My mom's church "walks the bounds" every few years in the New England tradition.
With one of those Army compasses that has no adjustment for declination.
The crew headed out to meet with the church lady and stake their monuments and set a couple of tpost along the boundary.
I told them the crazy lady that did not want to pay for a survey before she moved in is gonna get in their face and that the church lady and her bunch are supposed to keep her busy so you can do your job and to call the sheriff if needed, I'm too busy today.
My son and his buddy work thrusday, friday and saturday.
I started my Labor Day weekend show watching Stanford and a few other teams last night and it is more college football all day and beer and boudain today.
hook em horns..........:clink:
Monte, post: 389523, member: 11913 wrote: church ... can't get together on what they do want
[rant]
I'm in the middle of re-striping our church parking lot. On one side there was nothing to do but paint over the old lines because there is no way to get anything close to complying with the published guidelines fitted into the available triangular space with two driveways. I've done those lines.

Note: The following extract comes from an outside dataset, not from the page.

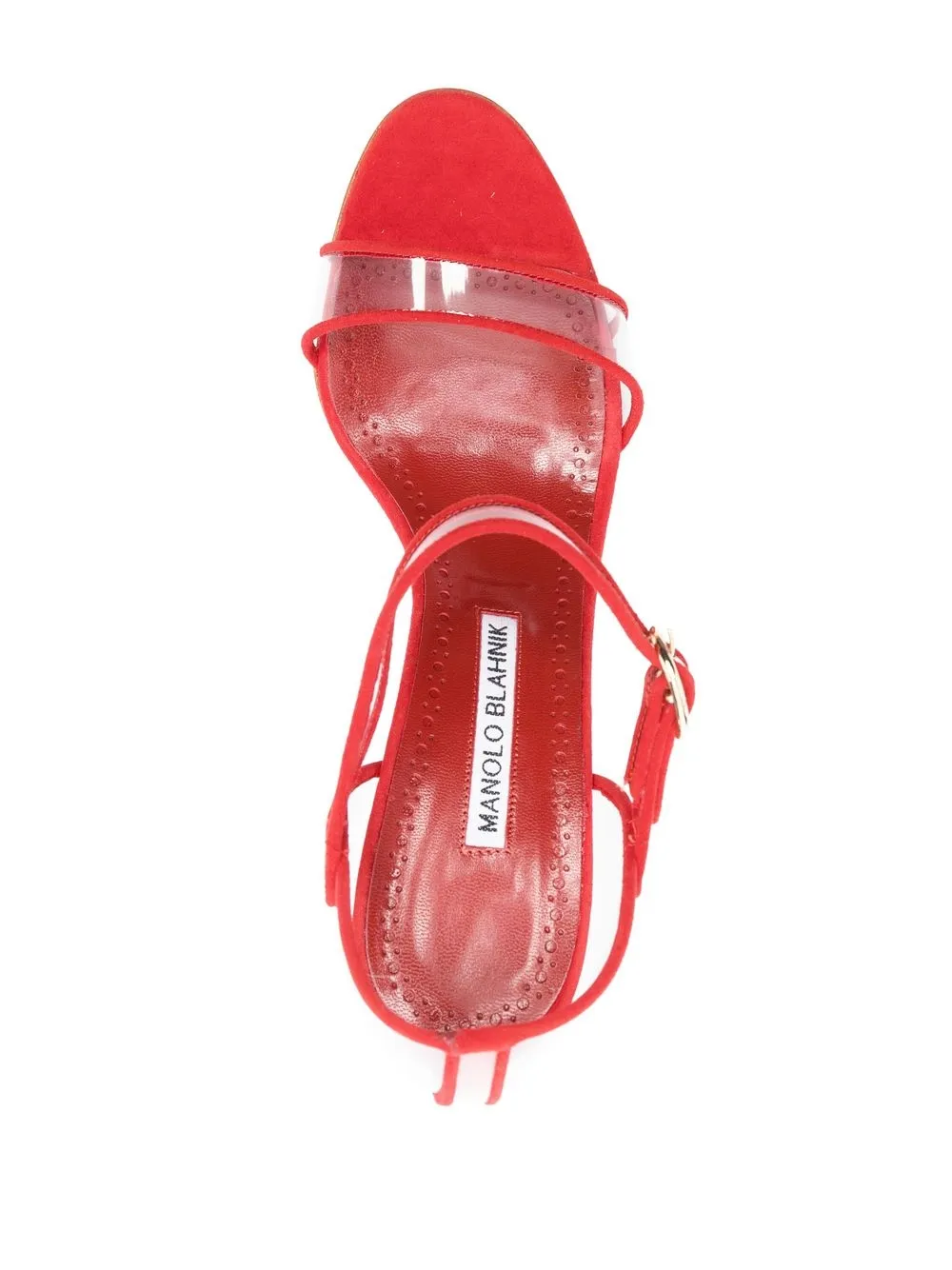 Fersen 105mm suede sandals from MANOLO BLAHNIK featuring red, calf suede, calf leather, suede trim, strap detailing, open toe, buckle-fastening ankle strap, branded leather insole, high stiletto heel and PVC detailling.

On the other side, which includes the handicap spaces that currently don't have 5 or 8 ft access aisles, I decided we had to at least make an attempt to get close to ADA guidelines, which requires moving all the lines. I've put out proposed drawings asking for comments, tried to incorporate the comments I've gotten, and there is only one plan that comes close to meeting all the desires. But the leaders are holding my leash until the new minister arrives. I hope she doesn't ask for the parking stall on the left side of the door where the prior minister parked (I now have the one on the right side of the door available), because that would make a total mess of any new layout.
It's "only" been six and a half weeks since we started looking into this project. I've made one guy mad because I didn't want to hire a friend of his who works for a house painter and has maybe moonlighted one parking lot striping job. After waiting weeks for somebody who said they would check out his prior work, I just went ahead on our job.
[ /rant]
paden cash, post: 389137, member: 20 wrote: Lemme guess...SYP logs, Campbell Soup and frozen chickens. 😉
I've never felt so bad for a chicken in my life like i did following those chicken trucks out in west! Feathers everywhere.........
half bubble, post: 389528, member: 175 wrote: My mom's church "walks the bounds" every few years in the New England tradition.
With one of those Army compasses that has no adjustment for declination.
Do they take the youngsters with them and slap em around like the old days? If so it sounds like a church I could get behind?